Lines of calculations were written down in Xu Chuan's hands.

The Boltzmann transport equation is an important part of the exploration of dark matter.

It describes the evolution of the abundance of dark matter particles Y with the "mass-temperature ratio" x, and the parameters in the equation are determined by the specific particle physical model.

However, if you want to find the data you need from the countless collision information data, it is completely impossible to do it by manpower.

At this time, the importance of mathematical tools is vividly reflected.

As long as the lowest calculation formula can be made, then mathematics can use computers and software to establish a mathematical model, and use the mathematical model to find the required data from trillions of pieces of information.

The last symbol fell from the signature pen in his hand, Xu Chuan put down the pen, stretched out with a long sigh of relief.

It took him more than half a month to finally refine the ideas in his mind, and formed a set of logical self-consistent theories, as well as a set of mathematical model basic formulas for calculating the transformation particles after the annihilation of inert neutrino collisions from a large number of parameters.

All that's left is to turn these theories into actual devices and mathematical models.

Looking at the manuscript paper in his hand, the corners of Xu Chuan's mouth hooked a magnification.

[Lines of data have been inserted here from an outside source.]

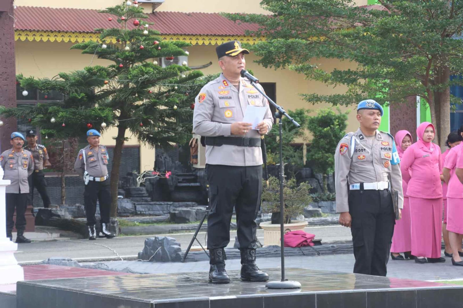Dalam amanatnya, Kapolres Batu Bara, AKBP Doly Nelson H.H. Nainggolan, S.H., M.H., menyampaikan penekanan terkait pentingnya profesionalisme dalam menjalankan tugas kepolisian. Beliau juga mengingatkan seluruh jajaran untuk terus meningkatkan kualitas pelayanan kepada masyarakat.
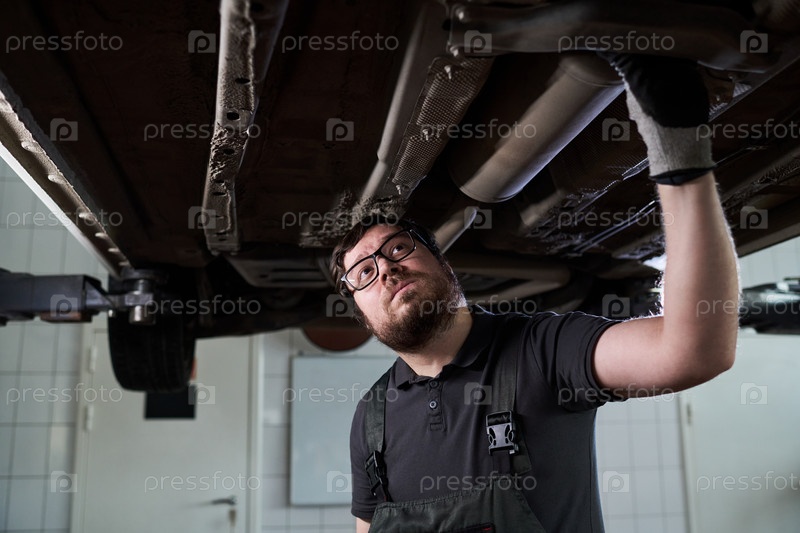 Портрет белого мужчины средних лет, осматривающего подъезд автомобиля
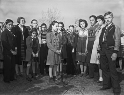 Twelve students from six South Side schools took part in an Arbor Day Tree Planting Rites in Rosemont Park. At the microphone is Dolores Gant of George Clarke School. In the semi-circle are (left to right) Ciprino Dominguez, Joyce Hancock, Lupe Gallegos, Harry Miller, Johnnie Dieb, Mary Maurice McCarty, Maurice Bradford, Mary Jo Lambert, Odell Southerland, Claudia Hathcock, and Eric Hansen. Published in the Fort Worth Star-Telegram morning edition, February 22, 1940.

It looks like I'm going to have to trouble the senior sister again.

At the foot of the Purple Mountain, not far from the Chuanhai Materials Research Institute, under the building of Chuanhai Network Technology Co., Ltd., Xu Chuan found Liu Jiaxin, who was busy with his work in the office.

With a smile on his face, he knocked on the door.

In the office, the senior sister who was studying something was awakened by a knock on the door, and when she looked up and saw him, she was obviously stunned for a moment, and then a smile appeared on her face.

"Why are you here?"

Xu Chuan stepped forward and said with a smile, "Come and see you." ”

Hearing this, Liu Jiaxin's earlobes suddenly turned red, Xu Chuan didn't notice it, and his eyes fell on the desk with a smile.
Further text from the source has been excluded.